» **COLLECTED MATERIAL**:
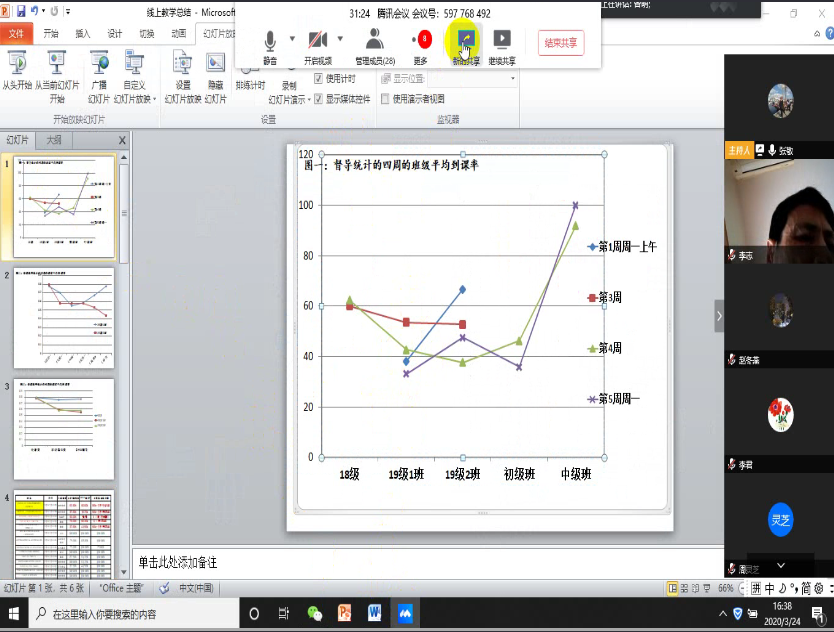3月24日下午,我院通过“腾讯会议”成功召开线上教学四周工作总结会,全院教职工参加了会议。
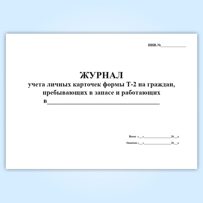Журнал учета личных карточек формы Т-2 на граждан, пребывающих в запасе и работающих в Бердске купить
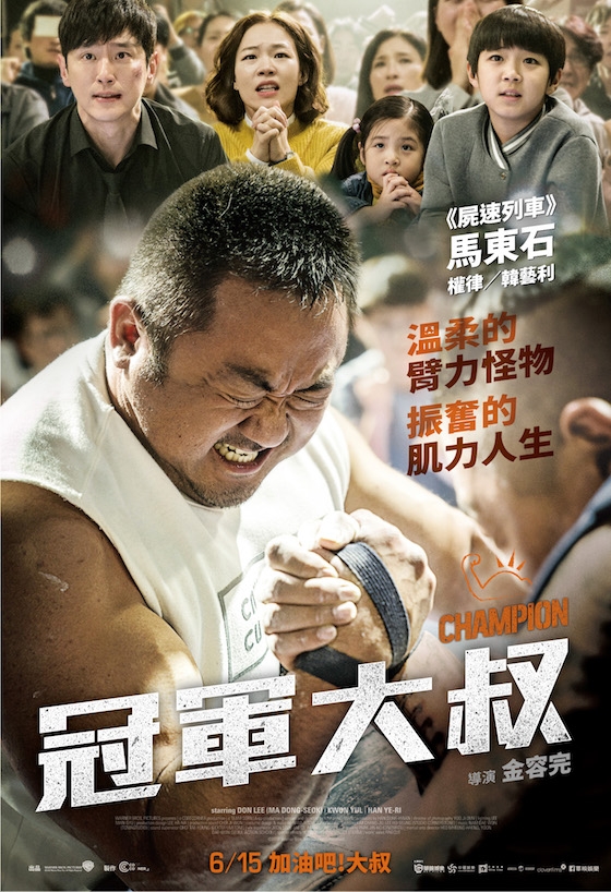 韓國熱血感人電影《冠軍大叔》,由《屍速列車》中可以一拳擊倒喪屍的力量男神馬東石領銜主演,再加上韓國實力派新生代的權律及韓藝利共同演出,電影中除了馬東石的man power備受期待外,他與權律三度合作,展現出高度喜劇默契,讓電影喜感再加分,權律說:「電影5分鐘就讓觀眾笑一回。」
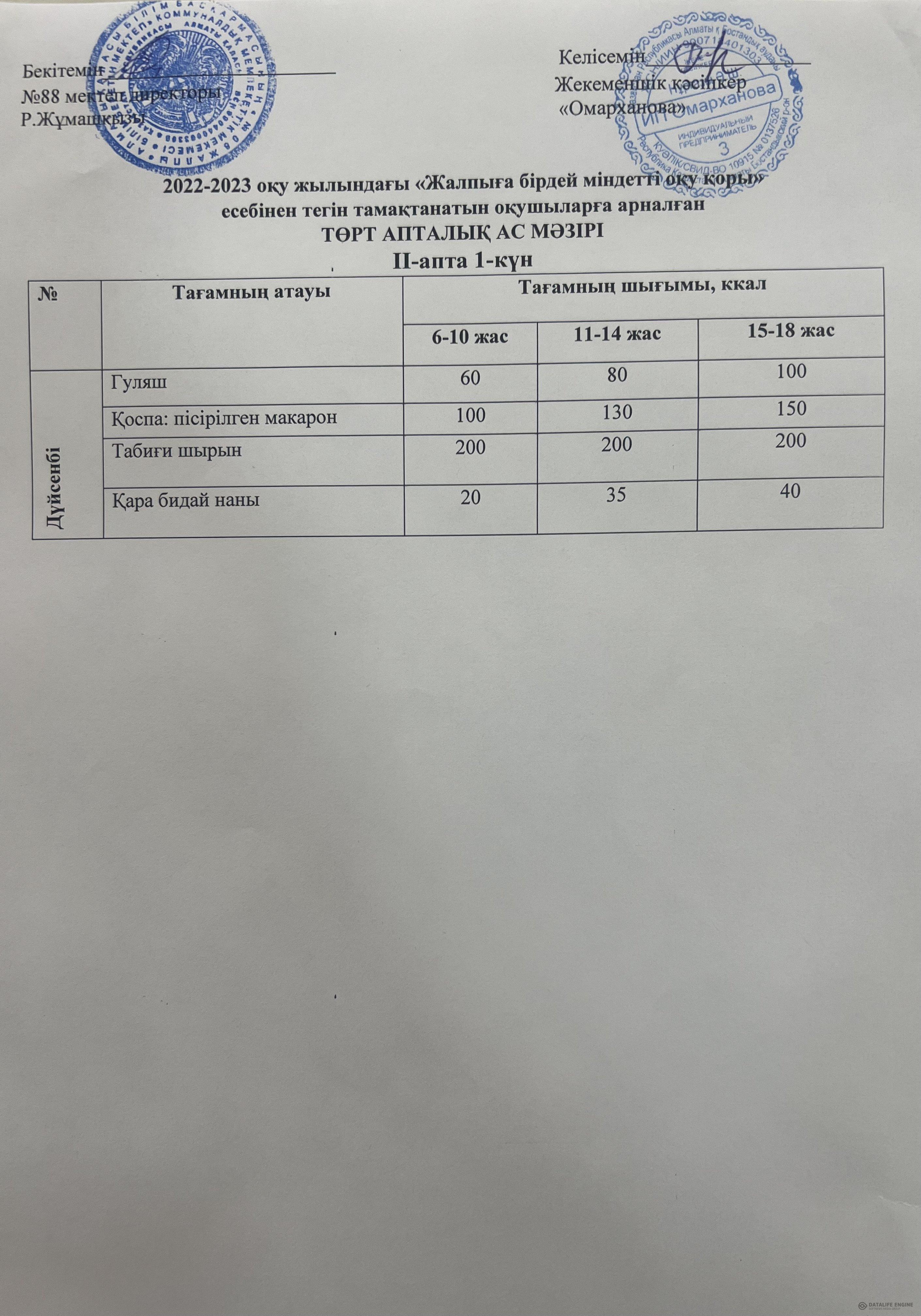 2022-2023 оқу жылына арналған ақылы ас мәзірі

» **ASSIGNED TASK**:
Only the lines from the one that holds "Журнал учета личных" through the final line of the material should be reproduced, word for word, with the pictures omitted.

» **WRITTEN RESPONSE**:
Журнал учета личных карточек формы Т-2 на граждан, пребывающих в запасе и работающих в Бердске купить
 韓國熱血感人電影《冠軍大叔》,由《屍速列車》中可以一拳擊倒喪屍的力量男神馬東石領銜主演,再加上韓國實力派新生代的權律及韓藝利共同演出,電影中除了馬東石的man power備受期待外,他與權律三度合作,展現出高度喜劇默契,讓電影喜感再加分,權律說:「電影5分鐘就讓觀眾笑一回。」
 2022-2023 оқу жылына арналған ақылы ас мәзірі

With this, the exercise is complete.